How does AI describe someone who invests in collectibles?
The average collectibles investor typically ranges from 30 to 60 years old, with a male majority, although female investors are increasingly common in areas like art and vintage fashion. They often dress in smart casual or vintage attire, reflecting their passion for collectibles, and carry protective cases for their items alongside tech gadgets for research.
Many hold college degrees, often in art history or business, and work as art dealers, auction house employees, or finance professionals. Focused on capital appreciation and personal enjoyment, they engage in strategic purchasing and thorough research while frequently attending trade shows and connecting with fellow collectors.
Midjourney generated image of a collectibles investor
Recent data indicates that 18-24 year-olds are experiencing significant fluctuations in their interest in collectible items, with some finding the investment up to three times more appealing than those aged 50-64 (December 2023)*.
The rise of social media has made collectibles more visible and younger individuals are increasingly exposed to collectibles like trainers, art, and vintage fashion through influencers and peers, making these items more desirable.
With the advent of online marketplaces, younger investors have easier access to these commodities and can start small with less financial risk.

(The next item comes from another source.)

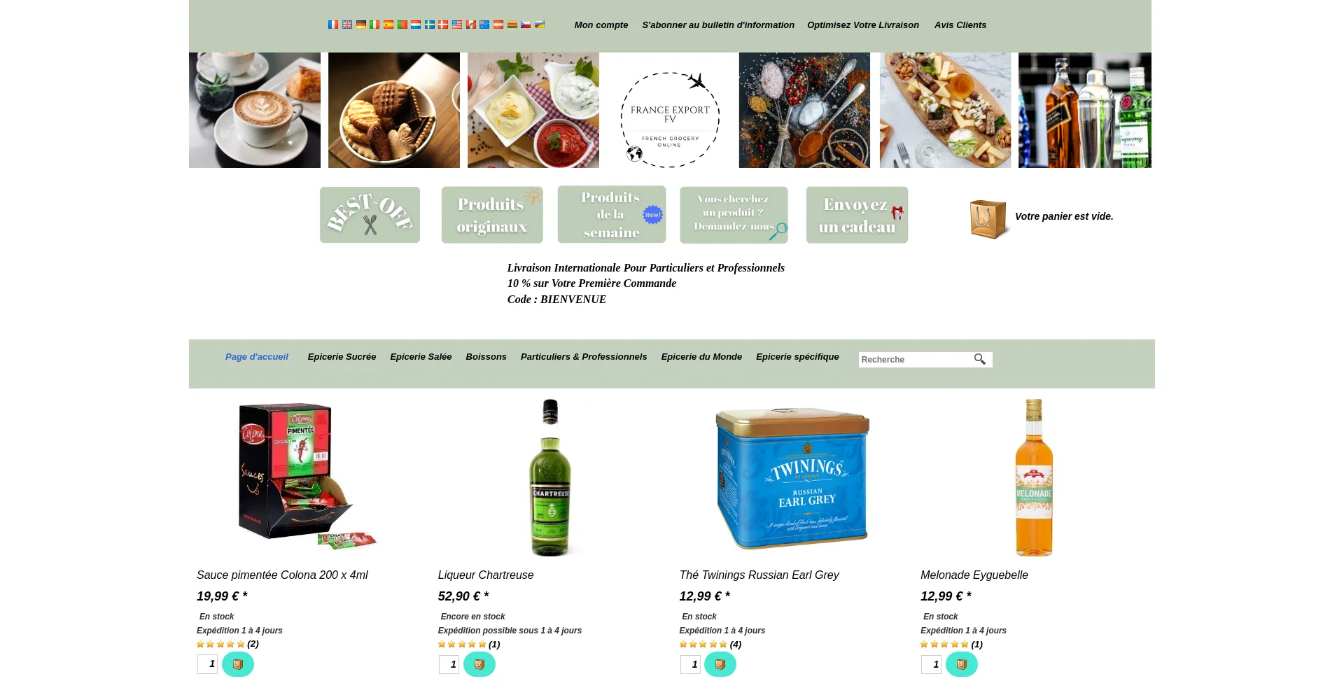 Épicerie Française, Produits français et étrangers, Vins, Champagnes, Chocolats, Épices, Huiles, Vinaigres, Livraison Internationale.....

This new generation values uniqueness, community, and a personal connection to their investments.
Property
Property, whether residential or commercial, is a tangible asset and has the potential to generate rental income, increase in value, and provide long-term financial security.

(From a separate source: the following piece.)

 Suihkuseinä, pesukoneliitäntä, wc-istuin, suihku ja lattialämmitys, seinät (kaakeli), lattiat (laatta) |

How does AI describe someone who invests in property?
The average property investor typically ranges from 30 to 60 years old, with a balanced gender distribution and household incomes exceeding $100,000 [approx. £77,000]. They often dress in smart casual or professional attire, reflecting confidence when attending property viewings or investment seminars.
Many hold degrees in business or finance and work as real estate agents, financial analysts, or entrepreneurs. Motivated by passive income and long-term wealth, these investors engage in thorough market research and may invest in residential or commercial properties. Their interests include networking within real estate circles and home improvement projects.
Midjourney generated image of a property investor
However, there has actually been a 16% decrease YoY in the appeal of property investment among 50 to 64-year-olds which contrasts sharply with the traditional stereotype of the average property investor.*
This trend highlights the need for adaptability in investment strategies as market conditions and generational attitudes evolve, suggesting that older property investors are reassessing their priorities in response to market saturation, economic uncertainty, and changing personal circumstances.
Are You An Investor?
On the findings, Miraj Ladwa, Managing Director of Bullion Giant said: “This insight into stereotypes highlights how perceptions are changing. Younger investors, particularly those aged 18-49, are increasingly engaging with investments that were once viewed as the domain of older, more affluent demographics.
“This trend reflects a broader movement toward inclusivity in investing for the better as diverse age groups and socio-economic backgrounds find value in alternative investment options. The findings underscore the importance of adapting investment strategies to meet the evolving political and economic landscape for a new generation of investors.”
Methodology
We took 6 of the most popular investment types and asked Chat GPT the following prompt across each investment ‘What does the average [insert investment type] investor look like. Ensure to describe what they look like, what their job and background is’ and then asked it to summarise the description in one short paragraph.
We then asked Chat GPT to turn the descriptions into a prompt for midjourney to create a hyperrealistic image of each different investor in an environment that reflects their background.
Using Midjourney we then prompted it to create an image to visualise the description.
A full script is available on request.